Friday, April 16, 2021

Former Gov. Bickett Pleads on Behalf of Negro, April 16, 1921

Bickett Pleads on Behalf of Negro

Hampton, Va., April 16—Thomas W. Bickett, former governor of North Carolina, declared Friday at the 53rd anniversary celebration of Hampton Institute that “the negro is entitled to equal and exact justice before the law and the white man must accord him that justice or be false to all those traditions that have made the Anglo-Saxon race the glory of the world.”

The former governor referred to Hampton Institute as a foundation and shrine “from which are constantly flowing streams that make waste places glad and attract pilgrims who come to Hampton for a new birth of courage, faith and love. The Ku Klux Klan believe in the whisper,” he said, “and that it why I rose up and hit it in North Carolina with all my might.
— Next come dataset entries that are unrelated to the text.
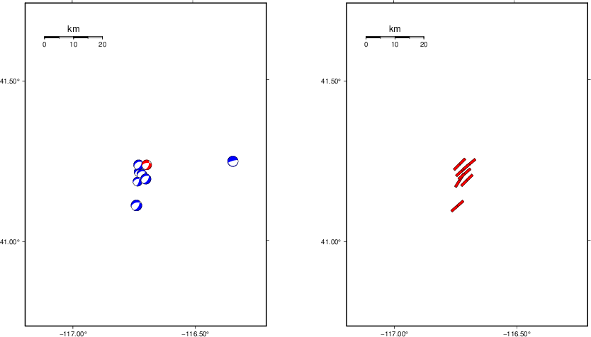 USGS/SLU Moment Tensor Solution ENS 2025/08/29 09:44:05.8 41.24 -116.69 8.8 3.6 Nevada Stations used: BK.BIGV BK.EAGL BK.MZTA BK.RAVE IM.NV31 IW.MFID IW.PLID NN.BEK UO.ADEL UO.JAZZ UO.PRONG US.BMO US.DUG US.ELK US.HWUT UU.BGU UU.CTU UU.FSU UU.SPU UU.TCU UW.IRON UW.TREE WW.CNCL WW.CTNW WW.IRMR Filtering commands used: cut o DIST/3.3 -30 o DIST/3.3 +60 rtr taper w 0.1 hp c 0.04 n 3 lp c 0.07 n 3 Best Fitting Double Couple Mo = 2.02e+21 dyne-cm Mw = 3.47 Z = 10 km Plane Strike Dip Rake NP1 260 55 -45 NP2 20 55 -135 Principal Axes: Axis Value Plunge Azimuth T 2.02e+21 0 320 N 0.00e+00 35 50 P -2.02e+21 55 230 Moment Tensor: (dyne-cm) Component Value Mxx 9.01e+20 Mxy -1.33e+21 Mxz 6.23e+20 Myy 4.40e+20 Myz 7.21e+20 Mzz -1.34e+21 ############## ###################--- T #####################----- ######################----- ###########################------- ############################-------- ################-------------##------- ###########-------------------######---- #######-----------------------#########- ######-------------------------########### ####---------------------------########### ##----------------------------############ #----------------------------############# ----------- --------------############ ----------- P -------------############# ---------- ------------############# -----------------------############# --------------------############## -----------------############# --------------############## --------############## ############## Global CMT Convention Moment Tensor: R T P -1.34e+21 6.23e+20 -7.21e+20 6.23e+20 9.01e+20 1.33e+21 -7.21e+20 1.33e+21 4.40e+20 Details of the solution is found at http://www.eas.slu.edu/eqc/eqc_mt/MECH.NA/20250829094405/index.html |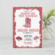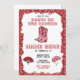 A plain white background framed by a red bandana pattern with paisley and other decorative elements. The pattern is visually striking, creating a border around the white area. Pink cowboy boots are positioned centrally, with a red folding fan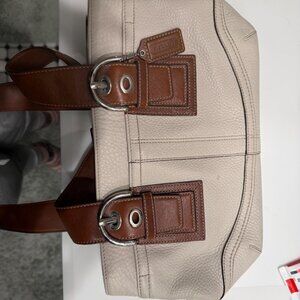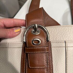 Beautiful Coach leather shoulder bag in a timeless ivory pebbled leather with rich brown leather straps and trim. Features Coach’s signature buckle hardware and clean, classic lines that work for everyday wear or work.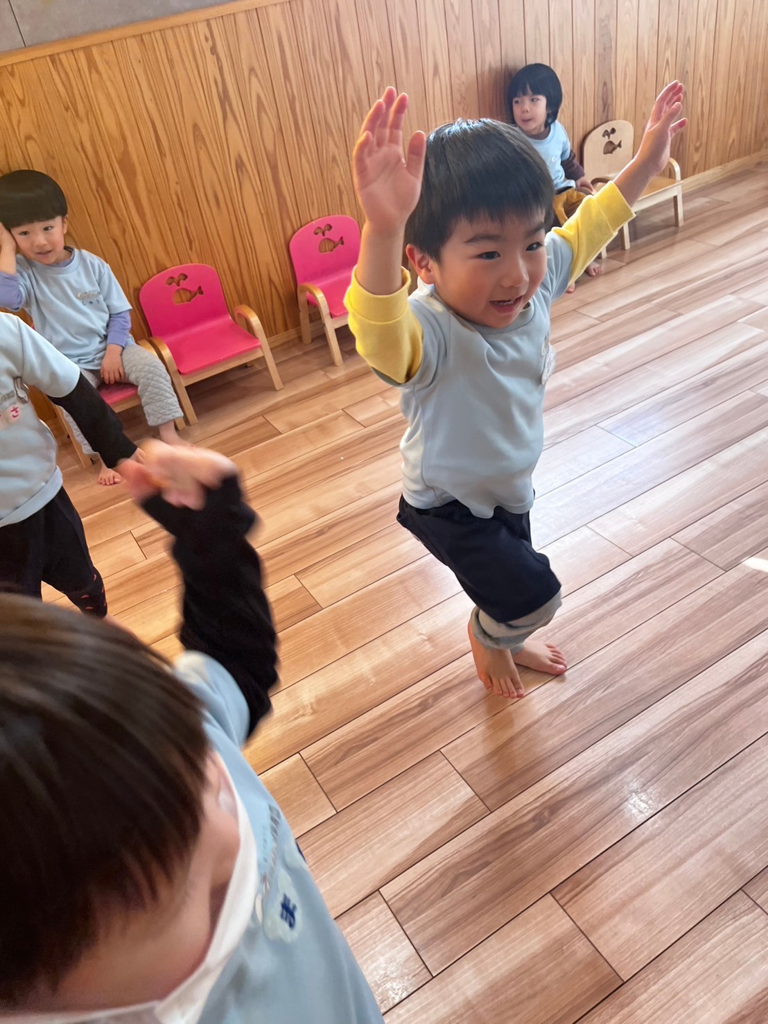 その後体操をして体を動かしました🎶去年踊ったダンスの曲をかけたり、子どもたちのリクエストの曲をかけると楽しそうに踊ってくれました😆💖うさぎ、こあら、きりん組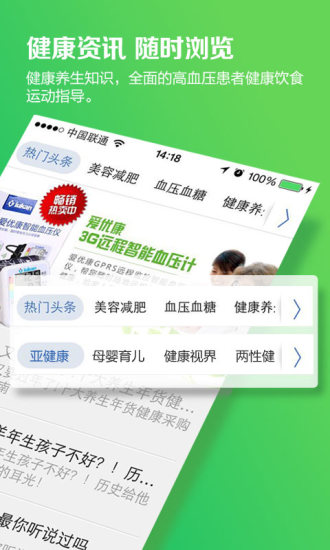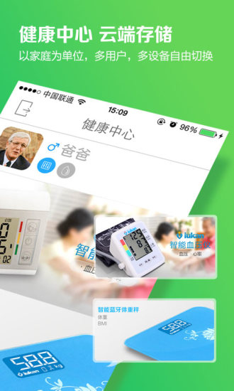 爱优康app是一款手机智能健康设备软件,让你可以轻松测量家人的健康数据,血压数据一目了然,自动分享历史数据,让你轻松掌握健康动态,喜欢就试试吧!

The one safe path for the negro to follow is the path that leads straight to the door of the white man’s conscience.”

Dr. Talcott Williams of New York spoke on economic independence through industry and pointed out the important economic independence which is to be won through peace and harmony between the two races.

Front page of The Charlotte News, Saturday, April 16, 1921. The photo of Thomas W. Bickett is from the Library of Congress. Bickett would die the end of 1921 on December 28th.